Progress on my usual projects has been slow this month, my computer was suffering from severe slow down and a couple of times even shut down with a CPU overheat error.
Korea can be a very hot country, and a lot of expats who come and live here aren't used to all that entails. I'm from the UK where temperatures rarely get above 23°C (73°F) in the summer. Here temperatures above 30°C (86°F) are common, and the humidity can make that even harder to endure. It's not just humans and animals which have trouble in that weather, computer hardware can suffer performance reduction and quickly degrade if it's running at a high temperature for a long time.
If you're running an expensive gaming rig it might already have a state of the art cooling system, but the vast majority of expats won't want to invest in this kind of set-up. The computer I use the most is actually the one in my classroom, which is an ancient Windows 7 machine with an integrated graphics card. It's slower than Eric the eel and my students often get bored waiting for it to run a power point presentation or play a song on YouTube. Actually, the computer itself isn't that bad. It's the heat, not the processing power, which is the problem.
If you want to know if it's heat that's causing a problem for your computer, you should download a program to check your machine's hardware stats. I use Open Hardware Monitor (It's free!)
If you do decide that heat is the problem, there are a few things you can do to help your computer make it through the summer. If you've got a lap top I recommend shelling out for a cooler stand, and also removing the battery when it's plugged in to the wall and not charging. Don't leave it on a bed or other soft surface because this can completely block the cooling vents. The battery itself can get quite hot and the fans which come as standard in your laptop are unlikely to be rated for tropical conditions.
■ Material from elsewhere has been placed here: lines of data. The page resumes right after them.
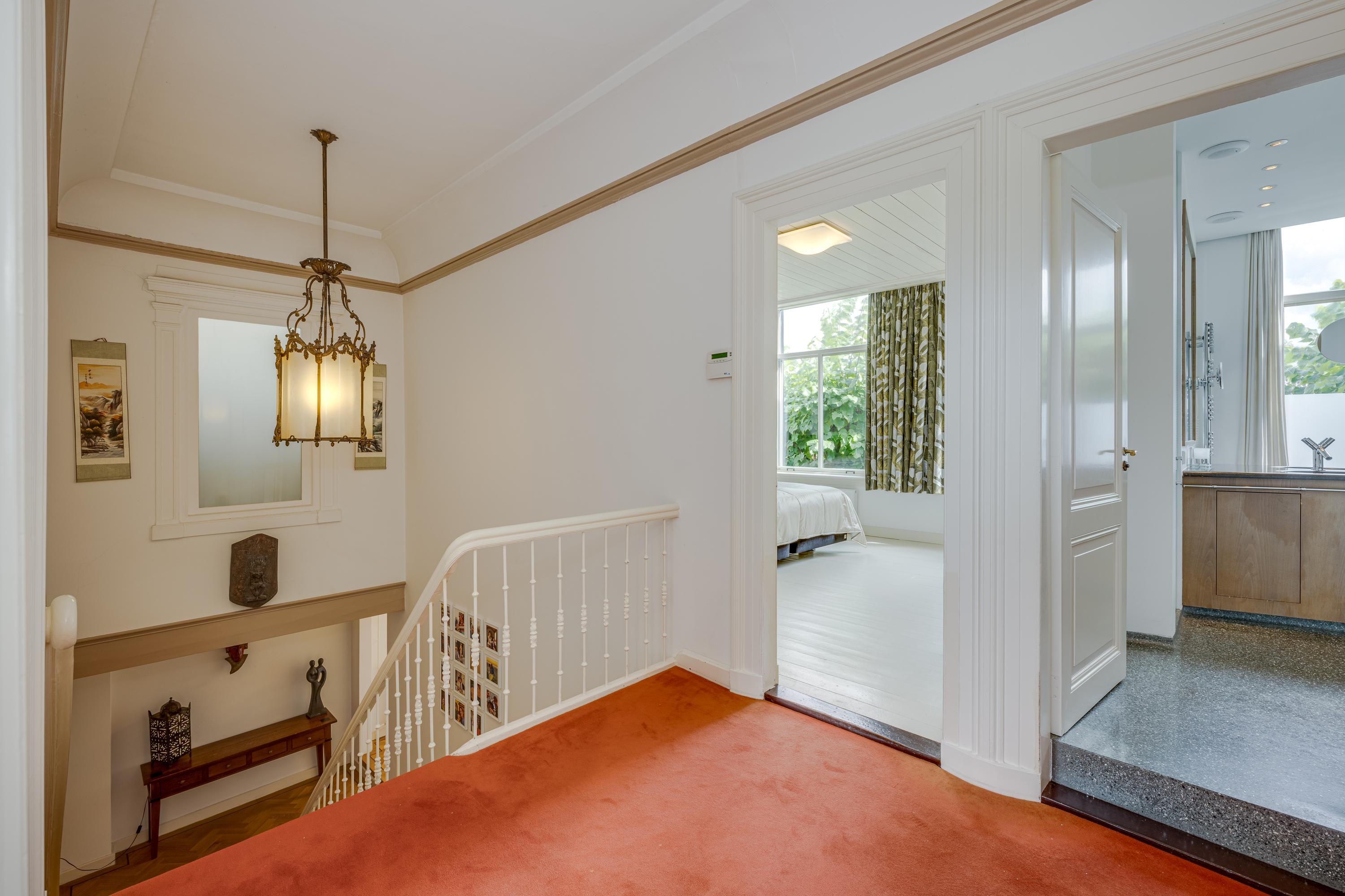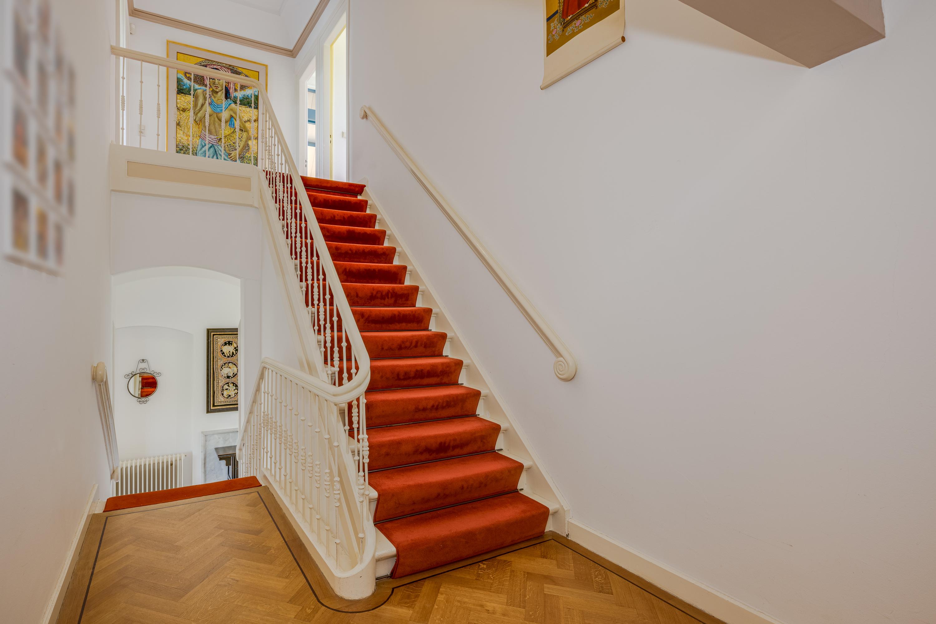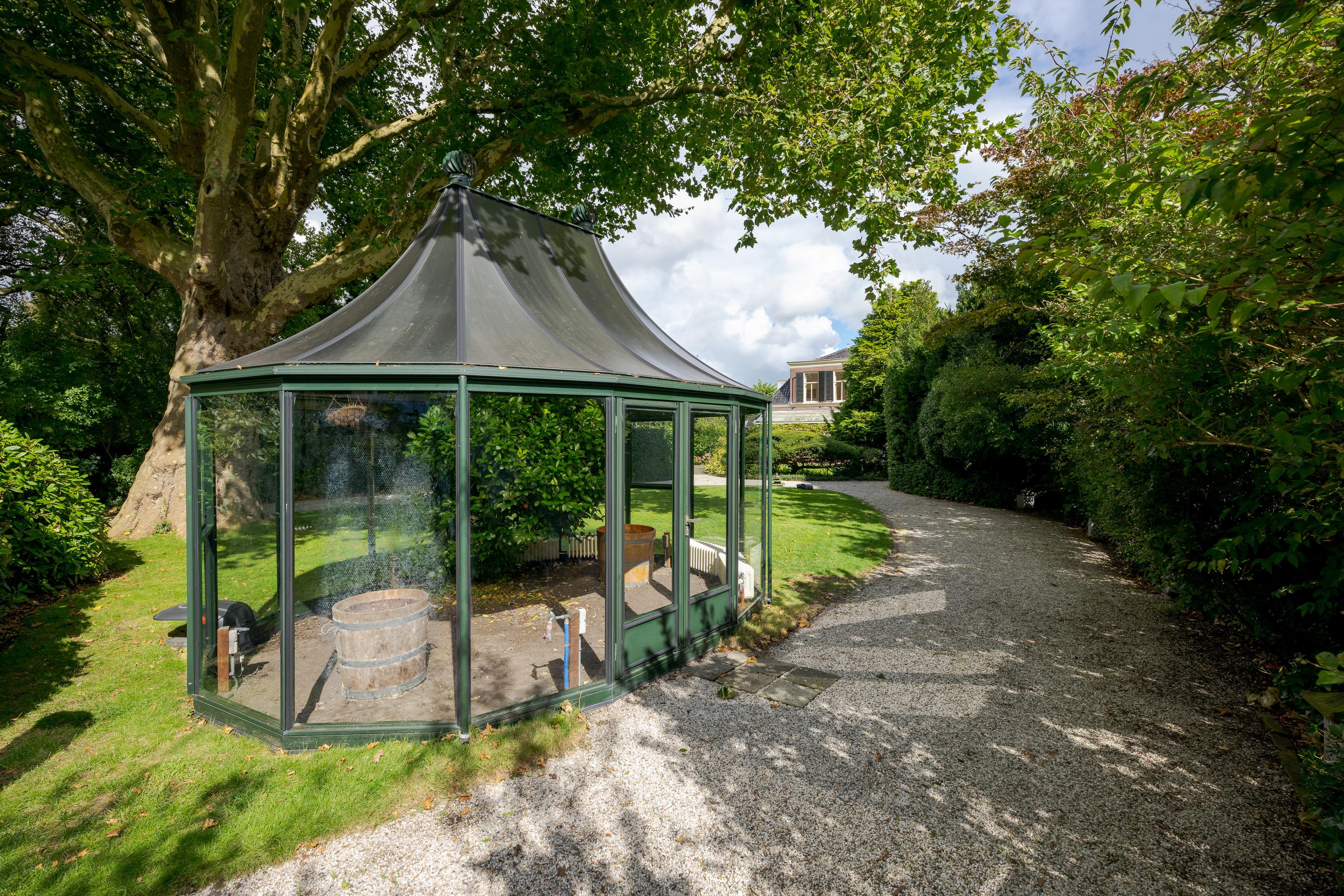 The 1995 gatehouse, designed symmetrically with glass façades and French doors, balances office and fitness space on the ground floor, with a luminous guest room above. Security, modern insulation, sustainable solar technologies, and linked alarm systems ensure discretion and peace of mind. Local amenities, shops, international schools, and the historic heart of Leiden are all within walking or cycling distance, while the A4’s swift connections link city, coast, and airport.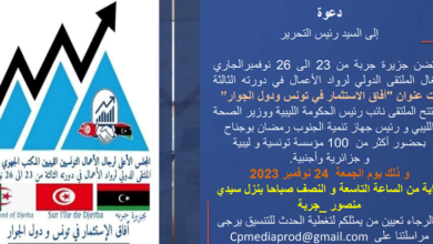 جربة ــ الرأي الجديد ينظم المجلس الأعلى لرجال الأعمال التونسيين الليبيين، من 23 إلى 26 نوفمبر بجزيرة جربة، أشغال الملتقى…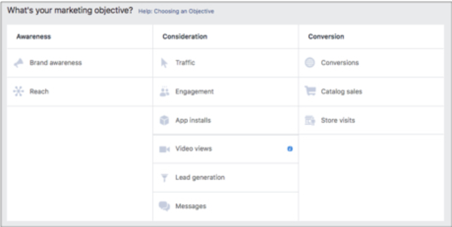 Everything you do to create an effective ad campaign will revolve around how you answer this question. Facebook Business has narrowed the answer down to three critical areas for the first step in creating an ad, choosing an objective.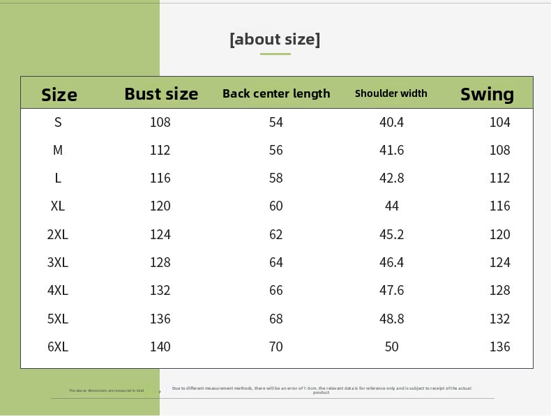 Sizes: S, M, L, XL, 2XL, 3XL, 4XL, 5XL, 6XL.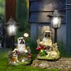 Garden Pug Dog Statue Solar Post Lamp Resin Sculpture Cute Waterproof Lawn Ornament for Front Yard,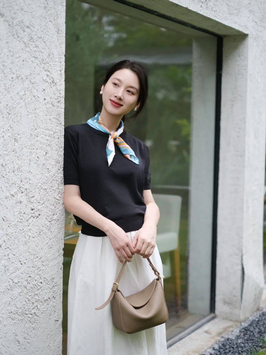 柔软的丝巾与高智感穿搭融合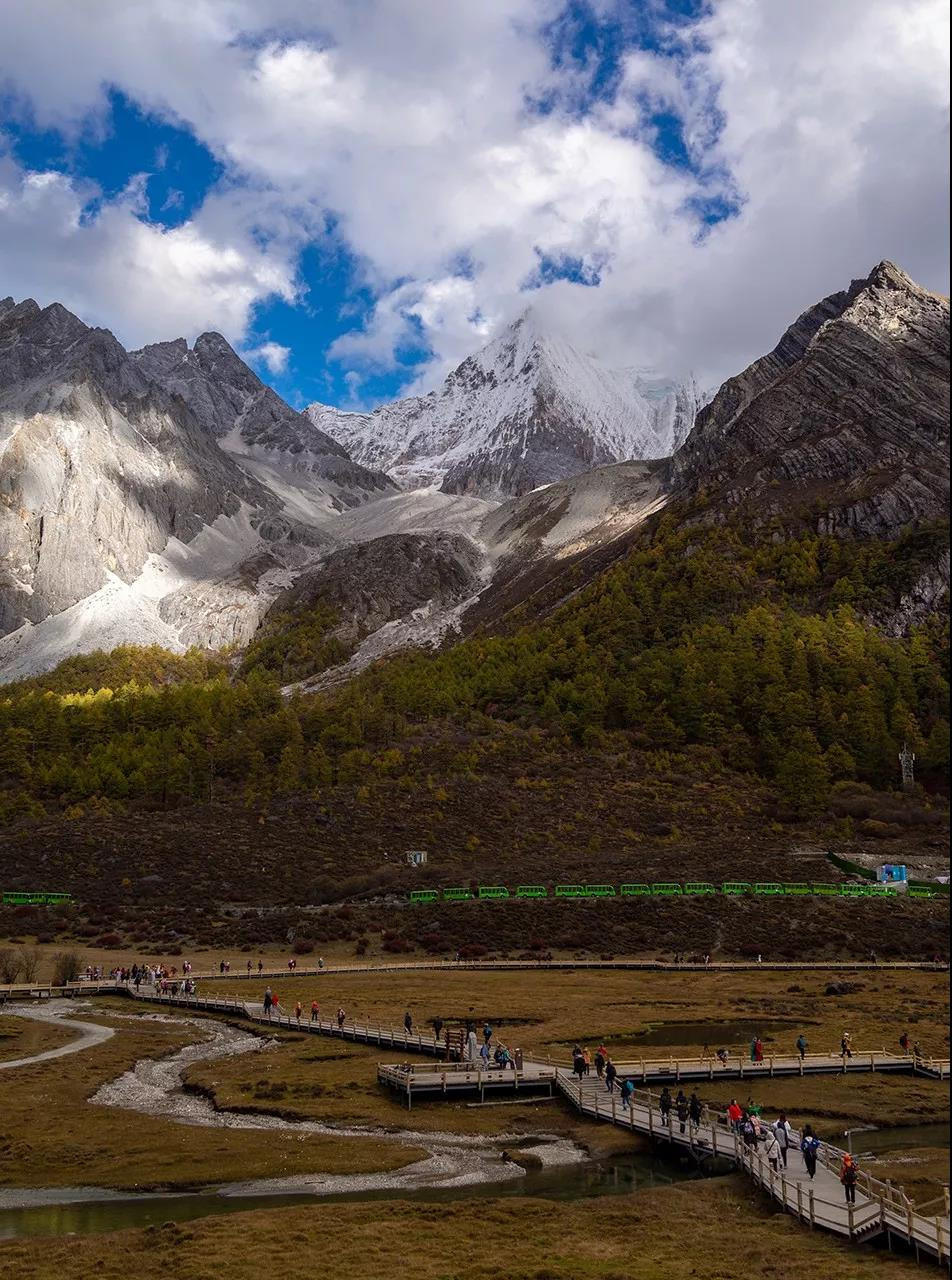 其实我如果不用上自己的手指,那我一定不记得我今年已是第几次来到圣地亚丁,但必须要承认的是,这确实是我今年第一次在观光车上就能遥望到神山仙乃日,且还是如此的万里无云的状态下,我也像那些第一次来到这里的人一样,在观光车上近乎已经到了惊呼的状态,而在近一个小时的车程之后,今天我直接为大家选择了长线,去往亚丁深处。

If you've got a desktop computer (most schools will have one) it's first important to make sure there's plenty of space around the machine. I've seen computers stuffed in to enclosed cabinets, surrounded by fluffy dice or classroom materials or whatever. If the fan openings are covered, it's not going to be able to cool itself at all.
Once you've given your machine some room to breathe, it's time to check for maintenance.
I dont advocate doing this with a work or school computer, but most peoplr should be able to deal with their own pc without any problems.
First open up the side of the desktop and look inside. If the computer is older than a year or two there will be fluff around the fan intakes and even on the motherboard. You can use a vacuum cleaner or compressed air to get rid of the worst of it.

Focus on the area around the power pack at the bottom of the unit, and around the main heatsink (pictured above). Dedicated graphics cards have their own fans which also need cleaning. If the computer is really old, lint will have gotten inside the fan too. If you take care, you can remove the whole heatsink and clean inside with a dry toothbrush or paintbrush. Don't use any cleaning products, you just want to get rid of the lint. You should try to get hold of some fresh thermal paste to apply to the CPU as well before you replace the heatsink.
Hopefully this guide will help your computer to endure the summer heat. If it doesn't and your computer does die, sometimes your computer, or parts of it will be covered by warranty. When my NVIDIA graphics card burned out from heat/humidity a couple of years ago the company shipped me a replacement free of charge because it wasn't supposed to happen.
If you aren't confident performing maintenance on your computer, you might ask a friend or take it to a a local computer repair shop. You could also check if there are any Facebook groups... If it's a school computer, you should start with talking to the IT staff at the school, but I've never had any success there. They might not be very helpful but they should at least be able to take away your slow old machine and replace it with a recently maintained one. Failing that you may just have to put up with it.

 ** Pro tip: if you ever want to add a ° sign in a document on a windows computer, hold down alt and type 176 on the keypad.